Should every one speak in tongues to receive the baptism with the Holy Spirit? Some believe it and some do not agree. What we all believe is crucial. Either all should have this sign or not all should. What do the Scriptures say? What is written there is what counts. Having ministered in relation to this baptism to multitudes, may I suggest that the Scriptures do not record anyone receiving the Holy Spirit without speaking in other tongues? Also, there are five instances in the book of Acts where people did receive and in three cases, there is conclusive evidence they spoke in tongues. In Samaria, Simon the Sorcerer “saw” something when there were those filled with the Spirit. With the case of Paul he obviously spoke in other tongues – or languages. “Tongues” of course would be the seventeenth century of customarily spoken English. There is a principle for understanding any doctrine or truth in God’s Word. It is this, “In the mouth of two or three witnesses, let every word be established”. In the book of Acts there are at least three witnesses and two other that are less definite.
It has been my experience over forty years, that the reason people do not receive is basically due to lack of teaching and of ministry. The Holy Spirit is ministered as in Galatians 3. As recorded in Acts 8, Peter and John laid hands on the people. Philip, the evangelist, appears not to have had that kind of ministry, as did the two apostles. It would seem that it attends the grace of apostleship.
I remember being in Malaysia at a small house meeting of women who were hungry for the things of the Spirit. There was an English wife of a Church of England Vicar present who did not speak in tongues. She said to me, “I have sought but have not received. I see others receive who do not have much spiritual standing and who do nothing in the church. Yet I have not. Therefore, I believe it is not necessary to speak in tongues”. She had a naturally valid reason – but not a scriptural or spiritual one.
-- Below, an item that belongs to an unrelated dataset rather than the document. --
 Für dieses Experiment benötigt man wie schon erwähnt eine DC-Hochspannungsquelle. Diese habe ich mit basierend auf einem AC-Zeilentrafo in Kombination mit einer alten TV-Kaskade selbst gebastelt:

There was also a comment by one that “God cannot love me because I did not receive”.
My reply was that “Yes, it is the scriptural way to receive the Holy Spirit by speaking in other tongues. God does love you. The reason any of you have not received is not to do with you (as would be recipients) but rather it could be those ministering do not have as yet, the knowledge, the Gifts and/or give proper teaching. I myself have learnt and would consider it to be my lack if someone does not receive. We have to wait on our ministries. It basically is an Apostolic ministry for a person to move in this area to a great extent. We cannot really put any blame on any person”. I prayed for them and they all spoke in other tongues. It has been my experience for just on thirty five years that virtually 100% will receive. In this time, there would have been very few who did not receive.
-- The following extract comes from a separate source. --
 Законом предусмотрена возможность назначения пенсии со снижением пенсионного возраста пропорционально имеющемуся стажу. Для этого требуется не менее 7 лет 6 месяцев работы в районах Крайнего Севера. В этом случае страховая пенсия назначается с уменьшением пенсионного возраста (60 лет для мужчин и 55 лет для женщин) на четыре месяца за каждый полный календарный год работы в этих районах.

I went to Indonesia as the first mission venture, in 1970. At first around 70% would receive, particularly after I learnt a few Indonesian phrases to encourage them as I prayed. Being disturbed because the old people were not receiving, I sought the Lord in prayer in the Spirit one day for a few hours. That night they all received. For a few years after that, I kept on waiting on my ministry until one hundred per cent would receive, at the most in five minutes – the average being fifty in attendance. I have seen it happen in crowds of up to four hundred. We have had people and pastors receive who have tried for up to thirty years to receive. When receiving, they all spoke with other tongues or languages. They were humble enough to admit their need.
Also, there have been those who came to the conclusion everyone did not need to speak in other languages because they personally had not received. One Chinese man in Singapore in particular comes to memory. He and his worker denied in the face of the latter speaking volubly in other tongues that it was necessary to speak in such a way. A few years later, we ministered to his wife on her request in their home. She received and then informed him. He came to us in humility of heart, confessing his failure in the past and admitting it was necessary to speak in other tongues. Yes, he received, after all those years.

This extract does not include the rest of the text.